■ Exercise directions
From the entries below, reproduce exactly the lines from the one with "Lansat la finalul" through the one with "Banda Reflectante Retráctil, para", both included, without images.

■ Source data
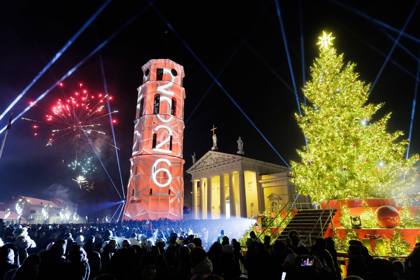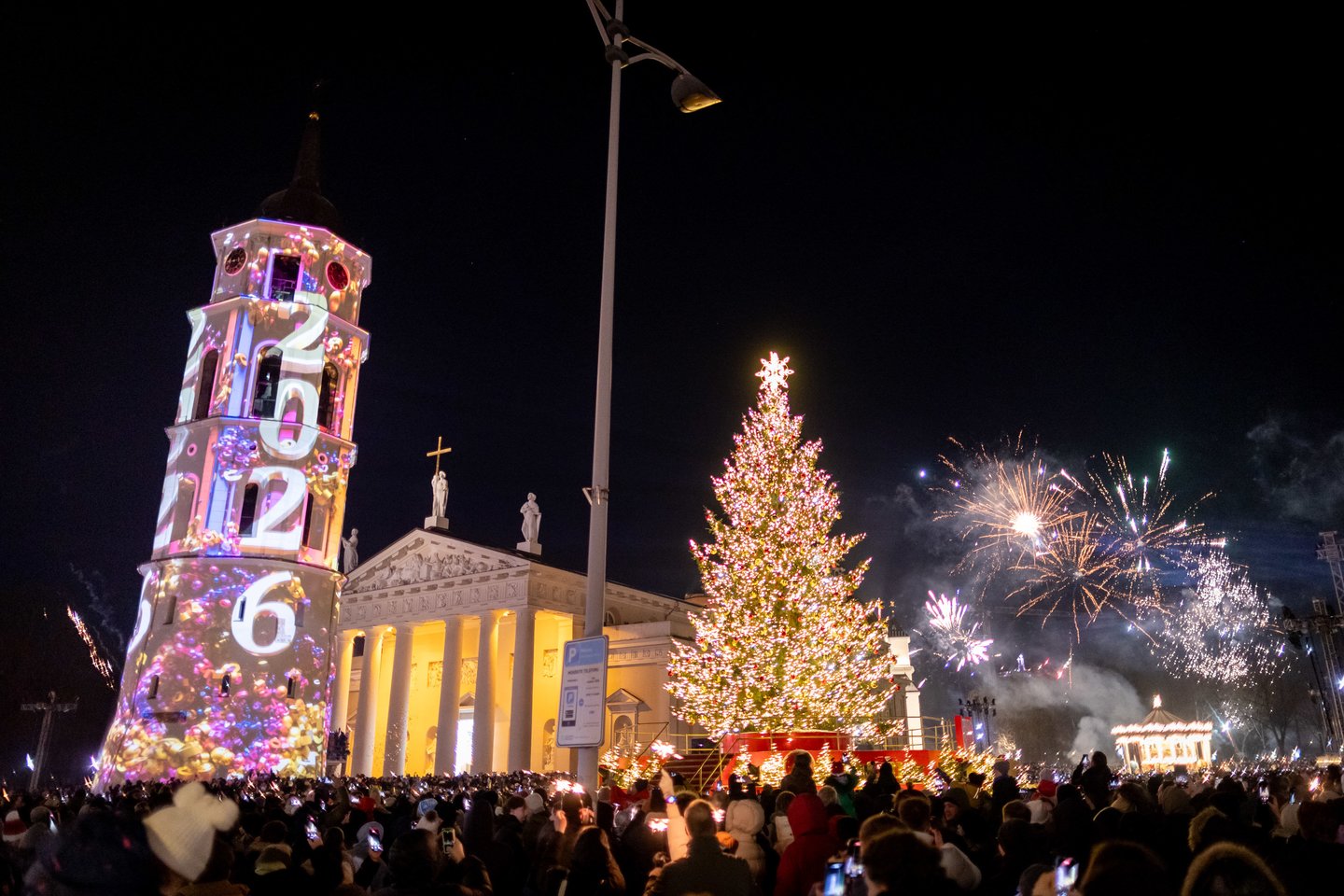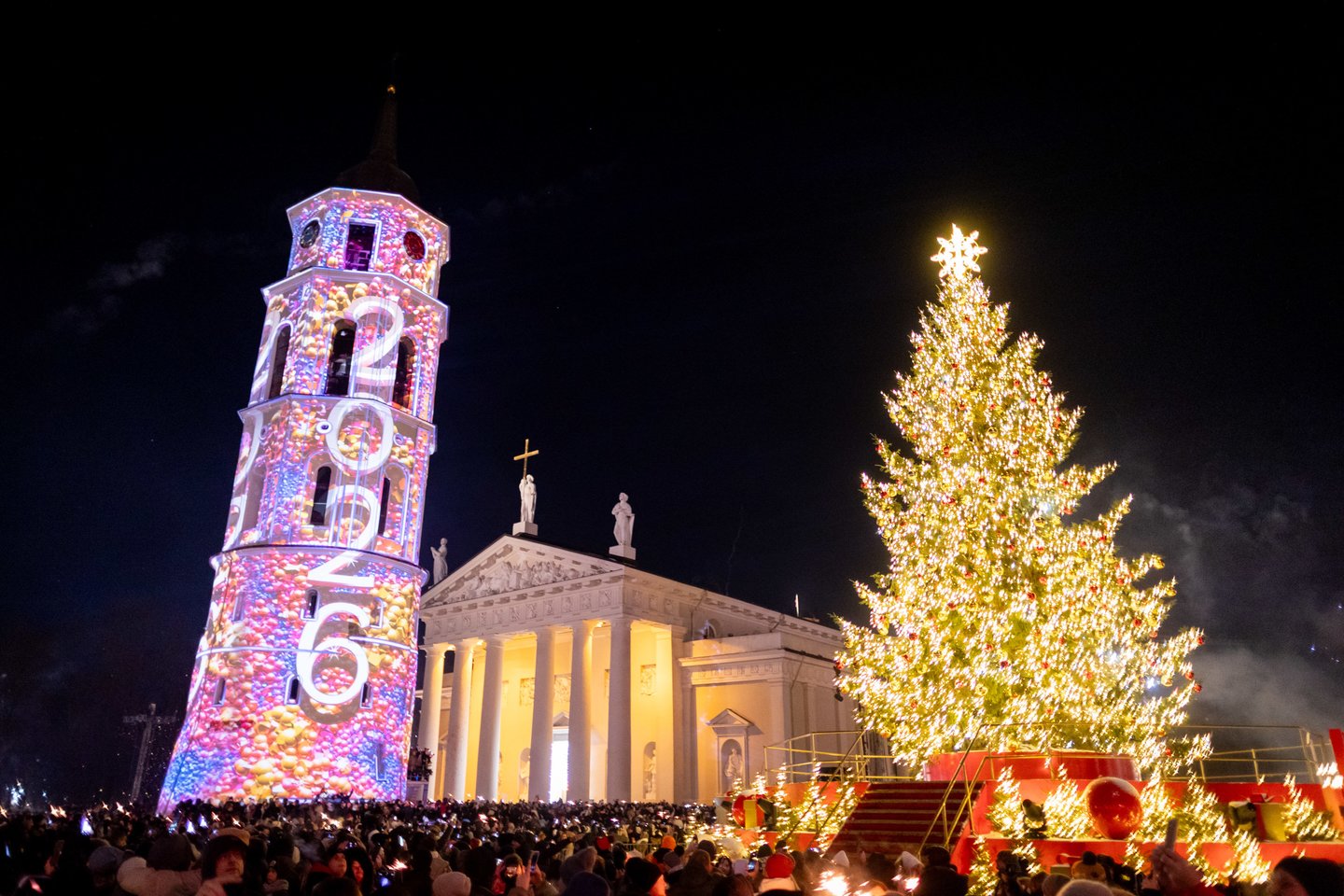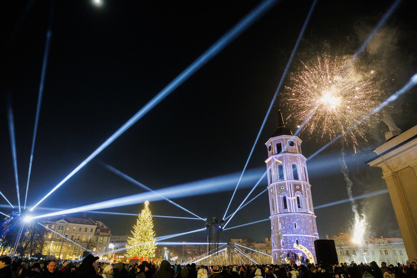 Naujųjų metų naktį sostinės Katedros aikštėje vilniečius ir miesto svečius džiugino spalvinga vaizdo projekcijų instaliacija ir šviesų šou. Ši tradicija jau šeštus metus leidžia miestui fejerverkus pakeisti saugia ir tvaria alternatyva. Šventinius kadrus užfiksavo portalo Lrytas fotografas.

* * *

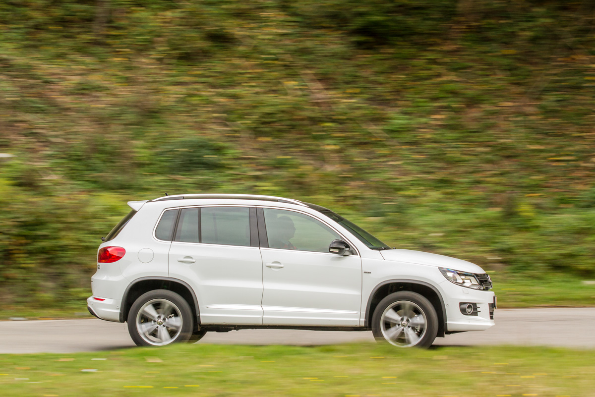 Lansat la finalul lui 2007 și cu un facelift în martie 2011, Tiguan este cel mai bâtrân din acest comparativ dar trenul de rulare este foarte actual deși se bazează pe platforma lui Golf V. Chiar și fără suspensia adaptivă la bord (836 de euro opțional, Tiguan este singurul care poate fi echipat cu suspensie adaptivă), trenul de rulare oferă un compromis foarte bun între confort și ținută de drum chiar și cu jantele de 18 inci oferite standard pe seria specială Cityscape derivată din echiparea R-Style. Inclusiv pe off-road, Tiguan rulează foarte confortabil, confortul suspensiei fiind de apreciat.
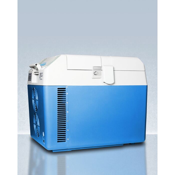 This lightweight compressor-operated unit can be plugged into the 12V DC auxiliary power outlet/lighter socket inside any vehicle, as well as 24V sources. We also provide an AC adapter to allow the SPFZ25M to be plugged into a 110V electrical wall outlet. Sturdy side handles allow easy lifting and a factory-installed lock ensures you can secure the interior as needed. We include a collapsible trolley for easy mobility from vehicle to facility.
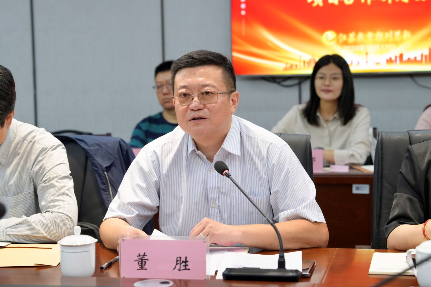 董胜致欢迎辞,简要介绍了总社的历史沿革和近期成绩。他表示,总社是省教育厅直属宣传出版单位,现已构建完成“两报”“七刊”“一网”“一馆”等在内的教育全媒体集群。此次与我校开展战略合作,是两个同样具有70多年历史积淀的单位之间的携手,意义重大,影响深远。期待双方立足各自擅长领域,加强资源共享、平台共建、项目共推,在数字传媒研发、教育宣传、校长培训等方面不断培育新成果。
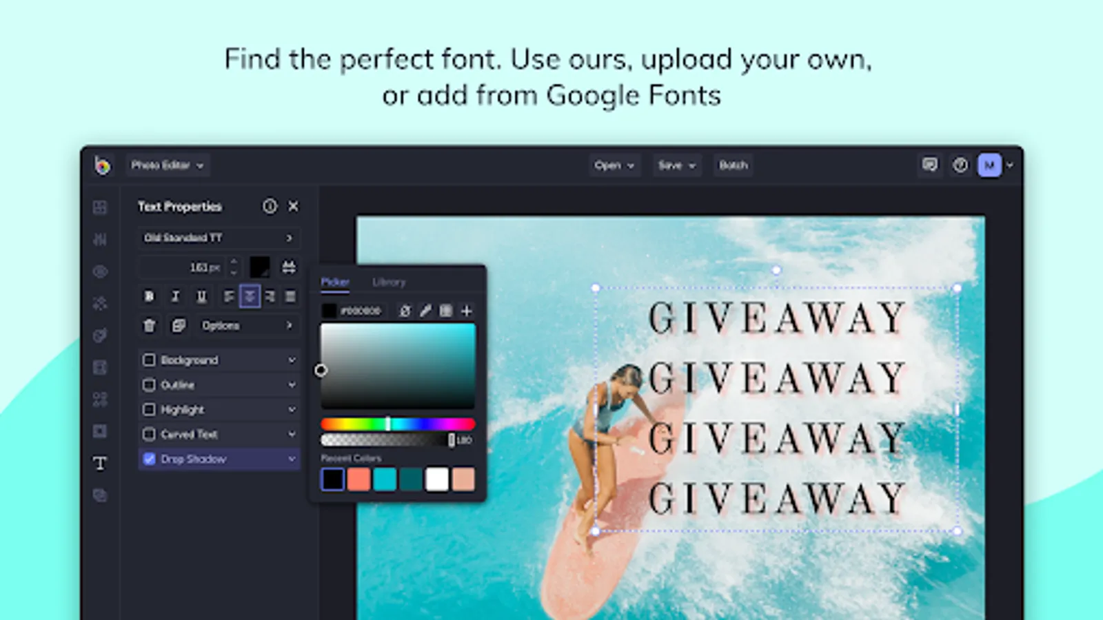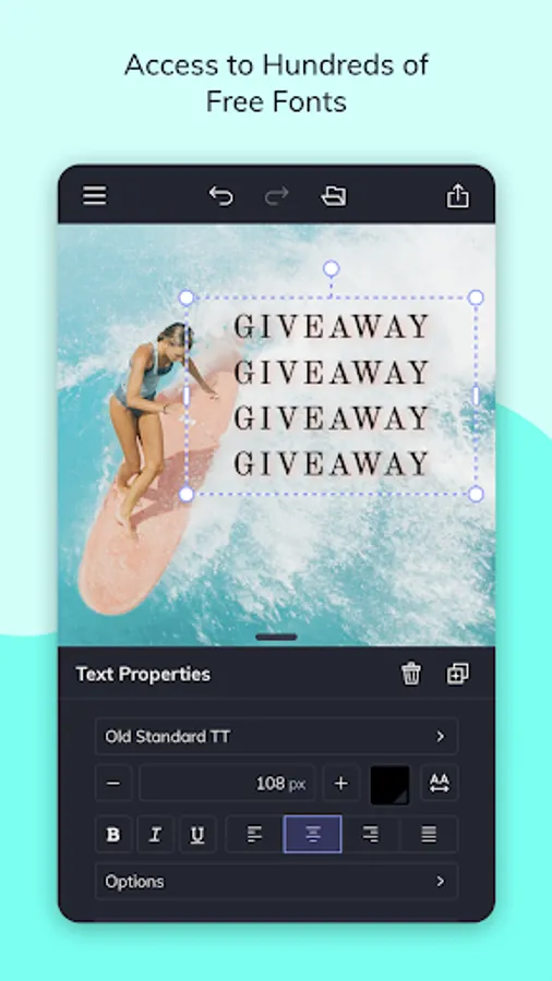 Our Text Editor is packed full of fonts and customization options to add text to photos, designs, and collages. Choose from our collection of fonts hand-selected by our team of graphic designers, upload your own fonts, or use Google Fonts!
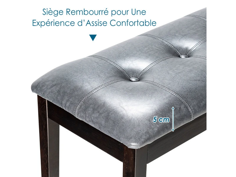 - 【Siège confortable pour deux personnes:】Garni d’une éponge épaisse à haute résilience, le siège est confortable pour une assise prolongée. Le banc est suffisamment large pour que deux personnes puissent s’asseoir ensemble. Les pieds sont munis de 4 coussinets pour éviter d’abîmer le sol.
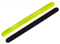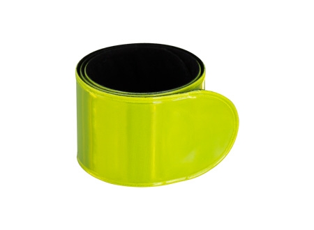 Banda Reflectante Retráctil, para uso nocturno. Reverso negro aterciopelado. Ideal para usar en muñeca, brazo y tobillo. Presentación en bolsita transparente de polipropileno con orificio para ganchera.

■ Reply to the exercise
 Lansat la finalul lui 2007 și cu un facelift în martie 2011, Tiguan este cel mai bâtrân din acest comparativ dar trenul de rulare este foarte actual deși se bazează pe platforma lui Golf V. Chiar și fără suspensia adaptivă la bord (836 de euro opțional, Tiguan este singurul care poate fi echipat cu suspensie adaptivă), trenul de rulare oferă un compromis foarte bun între confort și ținută de drum chiar și cu jantele de 18 inci oferite standard pe seria specială Cityscape derivată din echiparea R-Style. Inclusiv pe off-road, Tiguan rulează foarte confortabil, confortul suspensiei fiind de apreciat.
 This lightweight compressor-operated unit can be plugged into the 12V DC auxiliary power outlet/lighter socket inside any vehicle, as well as 24V sources. We also provide an AC adapter to allow the SPFZ25M to be plugged into a 110V electrical wall outlet. Sturdy side handles allow easy lifting and a factory-installed lock ensures you can secure the interior as needed. We include a collapsible trolley for easy mobility from vehicle to facility.
 董胜致欢迎辞,简要介绍了总社的历史沿革和近期成绩。他表示,总社是省教育厅直属宣传出版单位,现已构建完成“两报”“七刊”“一网”“一馆”等在内的教育全媒体集群。此次与我校开展战略合作,是两个同样具有70多年历史积淀的单位之间的携手,意义重大,影响深远。期待双方立足各自擅长领域,加强资源共享、平台共建、项目共推,在数字传媒研发、教育宣传、校长培训等方面不断培育新成果。
 Our Text Editor is packed full of fonts and customization options to add text to photos, designs, and collages. Choose from our collection of fonts hand-selected by our team of graphic designers, upload your own fonts, or use Google Fonts!
 - 【Siège confortable pour deux personnes:】Garni d’une éponge épaisse à haute résilience, le siège est confortable pour une assise prolongée. Le banc est suffisamment large pour que deux personnes puissent s’asseoir ensemble. Les pieds sont munis de 4 coussinets pour éviter d’abîmer le sol.
 Banda Reflectante Retráctil, para uso nocturno. Reverso negro aterciopelado. Ideal para usar en muñeca, brazo y tobillo. Presentación en bolsita transparente de polipropileno con orificio para ganchera.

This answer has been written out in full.